### WHAT YOU HAVE TO DO
Drop all images. Then write out each line below exactly as given.

### STORED DATA
########

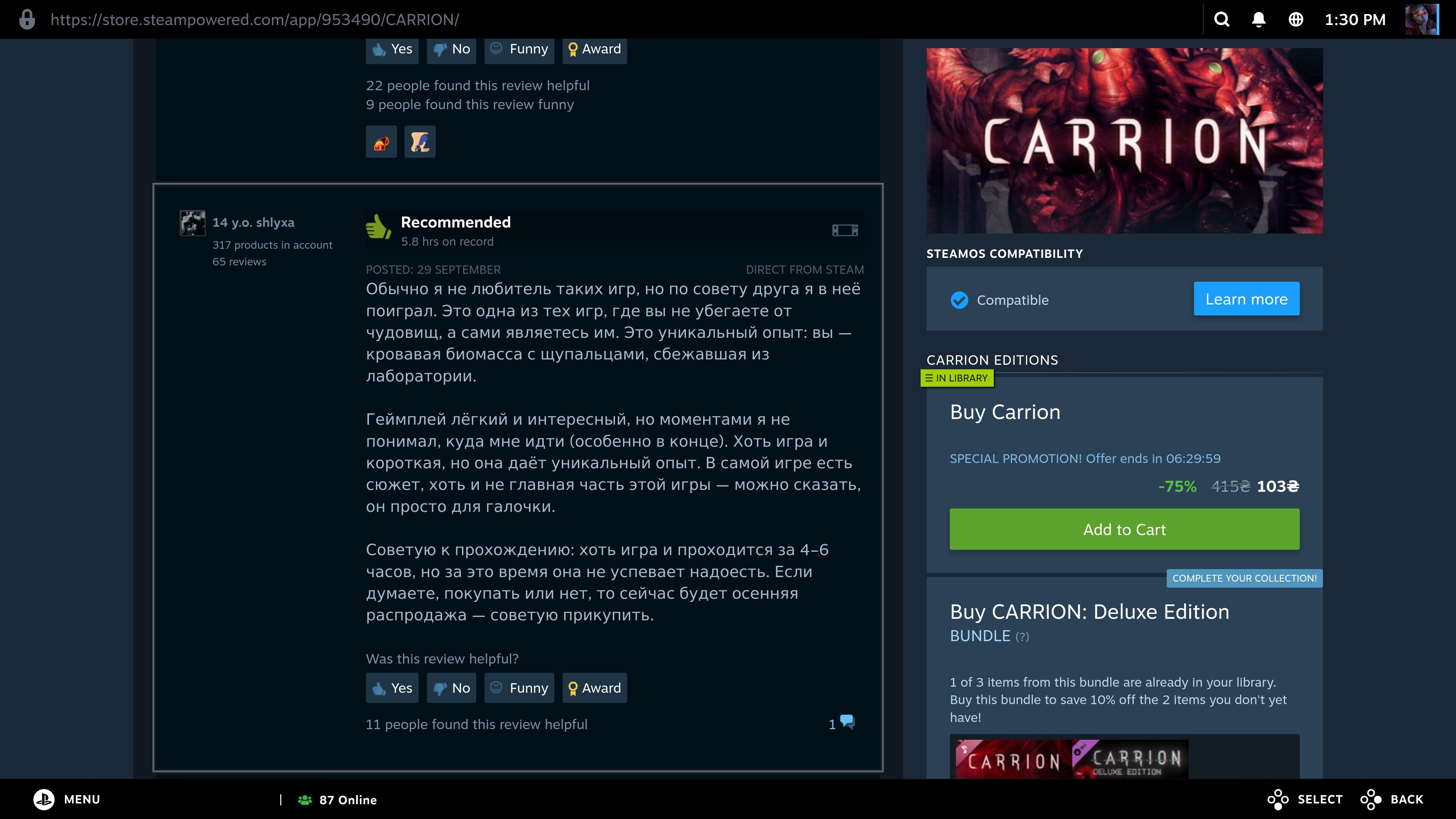 >>9829245 (OP) Зашёл щас в русский стим в браузере - на главной то же самое говно, которое там было лет 35 назад - крузисы, контролы, теккены всякие. Крузисы купил чисто потому что они заебали постоянно висеть на главной, каждую неделю на них скидки, но ни разу не запускал. Контрол прошёл, но без удовольствия.
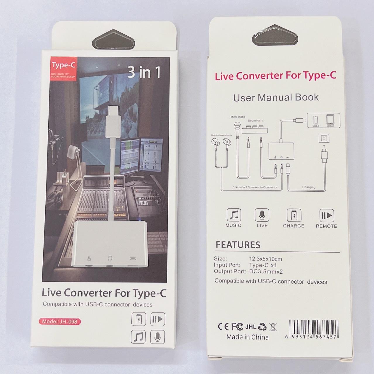 Adecuado para Apple Samsung Live Sound Card Cable adaptador de transmisión en vivo tipo C Auriculares externos Micrófono Carga
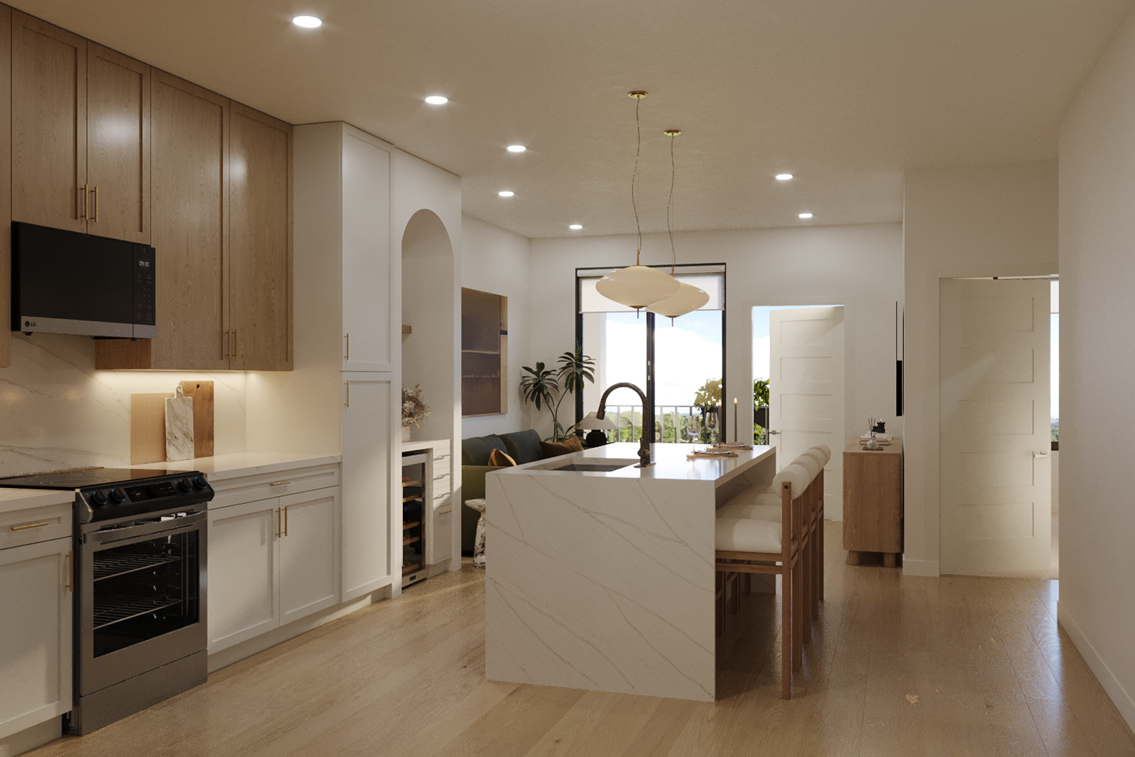 The interior features 9' ceilings, LVT wood flooring, plush carpet in bedrooms, and large walk-in closets. The kitchen is a chef's dream with quartz waterfall countertops, full quartz backsplashes, LG stainless steel appliances, a butler pantry, a coffee bar, and 52" custom upper cabinets with soft close drawers and under-cabinet lighting.

########

### TASK RESPONSE
 >>9829245 (OP) Зашёл щас в русский стим в браузере - на главной то же самое говно, которое там было лет 35 назад - крузисы, контролы, теккены всякие. Крузисы купил чисто потому что они заебали постоянно висеть на главной, каждую неделю на них скидки, но ни разу не запускал. Контрол прошёл, но без удовольствия.
 Adecuado para Apple Samsung Live Sound Card Cable adaptador de transmisión en vivo tipo C Auriculares externos Micrófono Carga
 The interior features 9' ceilings, LVT wood flooring, plush carpet in bedrooms, and large walk-in closets. The kitchen is a chef's dream with quartz waterfall countertops, full quartz backsplashes, LG stainless steel appliances, a butler pantry, a coffee bar, and 52" custom upper cabinets with soft close drawers and under-cabinet lighting.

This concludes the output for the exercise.